The general opinion of the grassroots thinking in this country is that you and your administration are weak sisters. If we stand firm, there will be no war. The Russians will back down. We need a man on horseback to lead this nation, and many people in Texas and the Southwest think that you are riding Caroline’s [Kennedy's 3-year-old daughter] tricycle.

Kennedy, rankled by the inconsiderate reference to his daughter, frostily responded: "Wars are easier to talk about than they are to fight. I'm just as tough as you are, and I didn't get elected President by arriving at soft judgments."

In November 1963, Dealey approved the publication in the Morning News of a full-page advertisement that was harshly critical of President Kennedy, implying that he was sympathetic to Communism. When President Kennedy saw the ad in that morning's newspaper as he was flying into Dallas on the morning of November 22, 1963, he said to his wife, "we're headed into nut country." He added that the person who'd approved the ad was the same person who'd made the scene at the White House two years earlier.
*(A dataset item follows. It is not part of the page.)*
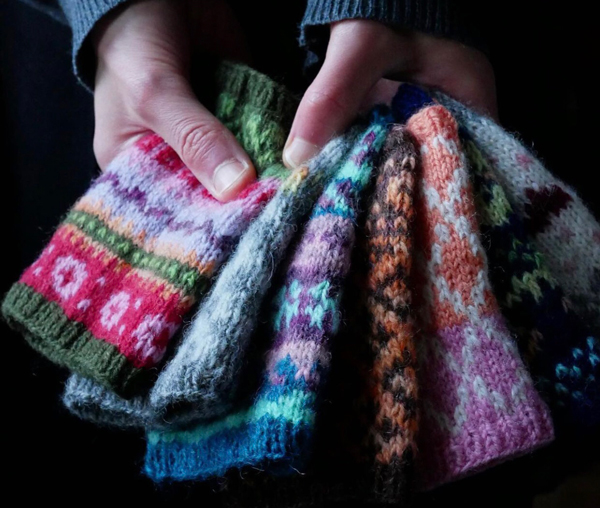 Tekniken Lyfta Maskor ger en snygg struktur och kan användas med en, två eller flera färger. Du stickar bara med en färg per varv, men får fler färger på varven. Tekniken ser avancerad ut men är lätt att lära sig.  Du lär dig tekniken samtidigt som du påbörjar ett par handledsvärmare i två färger, du får med dig mönster och handfärgat nordiskt ullgarn till HELA projektet - så att du kan öva på tekniken och sticka klart hemma. Tekniken är mångsidig och passar till allt från vantar och accessoarer till tröjor och filtar. På kursen stickar vi runt med magic loop eller strumpstickor, men går enkelt att anpassa till stickning fram och tillbaka. Ta med strump- eller rundsticka 3-3,5 mm (minst 80/100cm). Det finns också att köpa i vår monter.

Later that day, President Kennedy was assassinated in Dealey Plaza, named after Dealey's father.

==Other Writing==
Dealey published articles in such popular magazines as the Saturday Evening Post as well as scholarly journals, such as the Southwestern Historical Quarterly. He wrote accounts of his travels, published several short stories as well as a nonfiction account of the early days of his hometown, Diaper Days of Dallas.

==Cultural references==

Ted Dealey was played by Jim Backus in the 1985 film Prince Jack. This movie portrays Dealey using a wheelchair and omits the White House encounter with President Kennedy listed above. The film presents Dealey as being present when Lee Harvey Oswald attempted to assassinate General Edwin Walker in April 1963.

==Personal Information==

Dealey married the former Clara MacDonald on March 1, 1916. They had three children, two of whom survived into adulthood. On June 29, 1951, he married Mrs. Trudie Kelley.

Dealey died of a heart attack on November 27, 1969 in Dallas.